* **WORK REQUIRED**
Skip the pictures and give back the rest of the listing exactly.
SOURCE DATA START
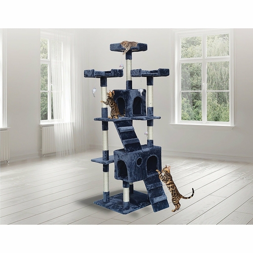 It’s large enough to accommodate multiple cats, yet it’s sturdy and durable – designed to last with thick boards and poles. Its neutral grey and off-white colour palette blends well with practically any home décor. Arched entrances to the two enclosed spaces add charm, while giving them a sense of security and a territory of their own. Unlike a lot of cat condos, this one is formaldehyde-free, so you’ll never have to worry about toxic fumes in your home. Both a palace and a playground for your cat, it gives your fabulous felines a space of their own. Order yours today!
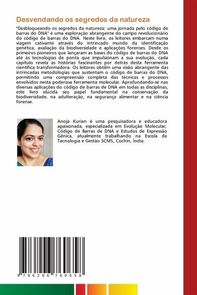 "Desbloqueando os segredos da natureza: uma jornada pelo código de barras do DNA" é uma exploração abrangente do campo revolucionário do código de barras do DNA. Neste livro, os leitores embarcam numa viagem cativante através do intrincado mundo da identificação genética, avaliação da biodiversidade e aplicações forenses. Desde os primeiros pioneiros que lançaram as bases do código de barras do DNA até às tecnologias de ponta que impulsionam a sua evolução, cada capítulo revela as histórias fascinantes por detrás desta ferramenta científica transformadora. Os leitores obtêm uma visão abrangente das intrincadas metodologias que sustentam o código de barras do DNA, permitindo uma compreensão completa das técnicas e processos envolvidos nesta poderosa ferramenta molecular. Aprofundando-se nas diversas aplicações do código de barras de DNA em todas as disciplinas, este livro elucida seu papel fundamental na conservação da biodiversidade, na adulteração, na segurança alimentar e na ciência forense.
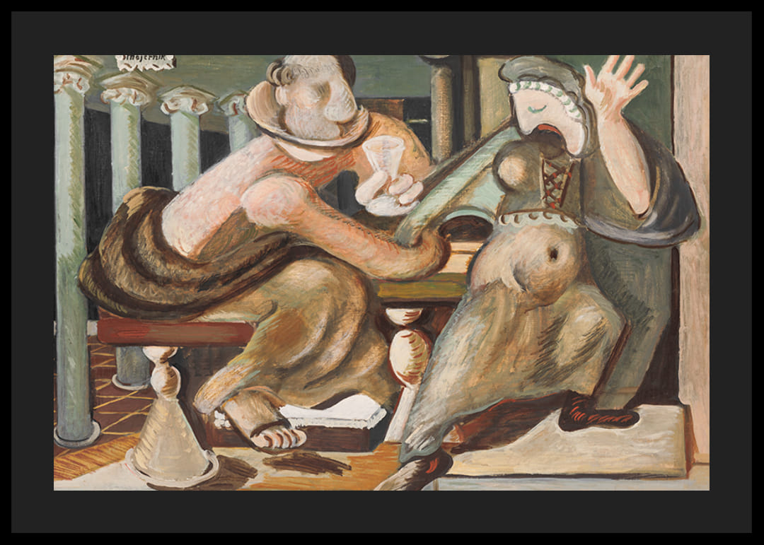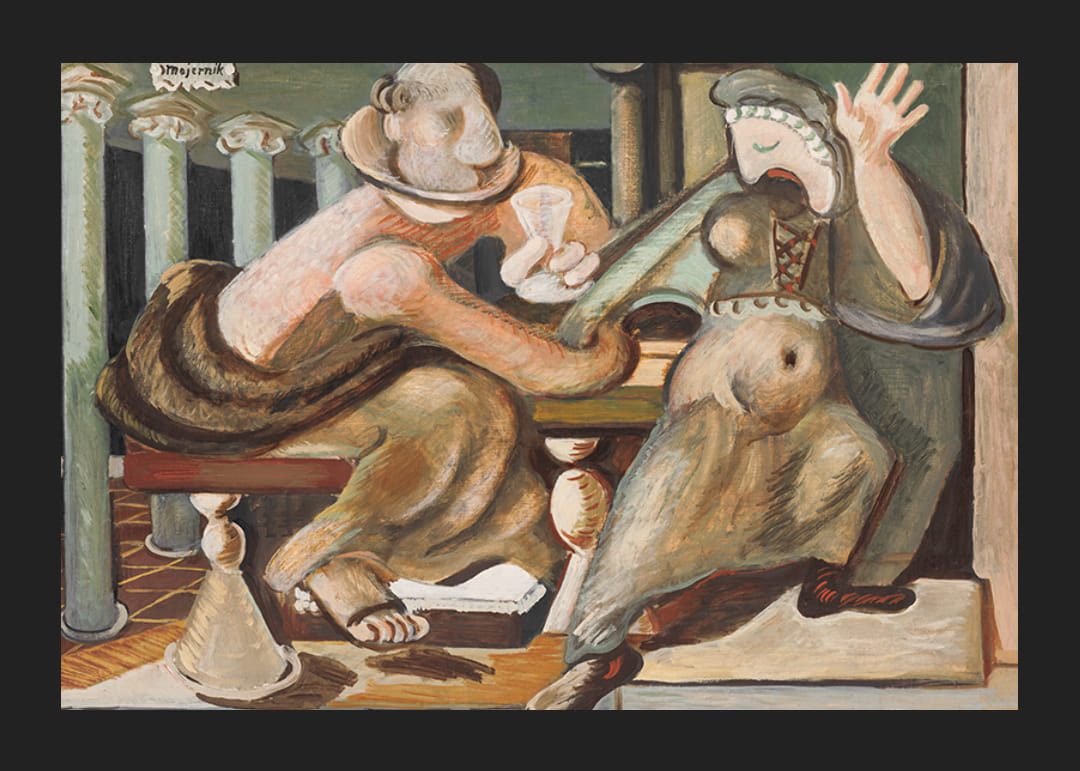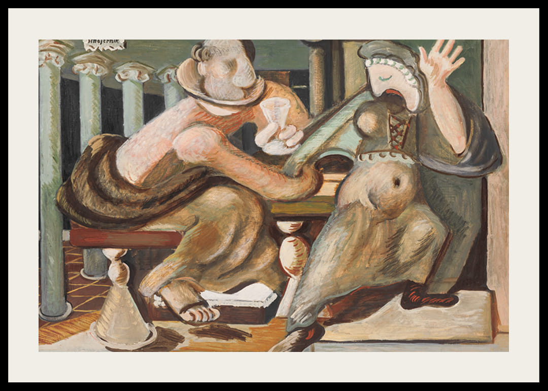 Afiș cu pictura „Seducție” de artistul slovac Cyprian Majernik din 1936.
SOURCE DATA END
* **RESULT**
 It’s large enough to accommodate multiple cats, yet it’s sturdy and durable – designed to last with thick boards and poles. Its neutral grey and off-white colour palette blends well with practically any home décor. Arched entrances to the two enclosed spaces add charm, while giving them a sense of security and a territory of their own. Unlike a lot of cat condos, this one is formaldehyde-free, so you’ll never have to worry about toxic fumes in your home. Both a palace and a playground for your cat, it gives your fabulous felines a space of their own. Order yours today!
 "Desbloqueando os segredos da natureza: uma jornada pelo código de barras do DNA" é uma exploração abrangente do campo revolucionário do código de barras do DNA. Neste livro, os leitores embarcam numa viagem cativante através do intrincado mundo da identificação genética, avaliação da biodiversidade e aplicações forenses. Desde os primeiros pioneiros que lançaram as bases do código de barras do DNA até às tecnologias de ponta que impulsionam a sua evolução, cada capítulo revela as histórias fascinantes por detrás desta ferramenta científica transformadora. Os leitores obtêm uma visão abrangente das intrincadas metodologias que sustentam o código de barras do DNA, permitindo uma compreensão completa das técnicas e processos envolvidos nesta poderosa ferramenta molecular. Aprofundando-se nas diversas aplicações do código de barras de DNA em todas as disciplinas, este livro elucida seu papel fundamental na conservação da biodiversidade, na adulteração, na segurança alimentar e na ciência forense.
 Afiș cu pictura „Seducție” de artistul slovac Cyprian Majernik din 1936.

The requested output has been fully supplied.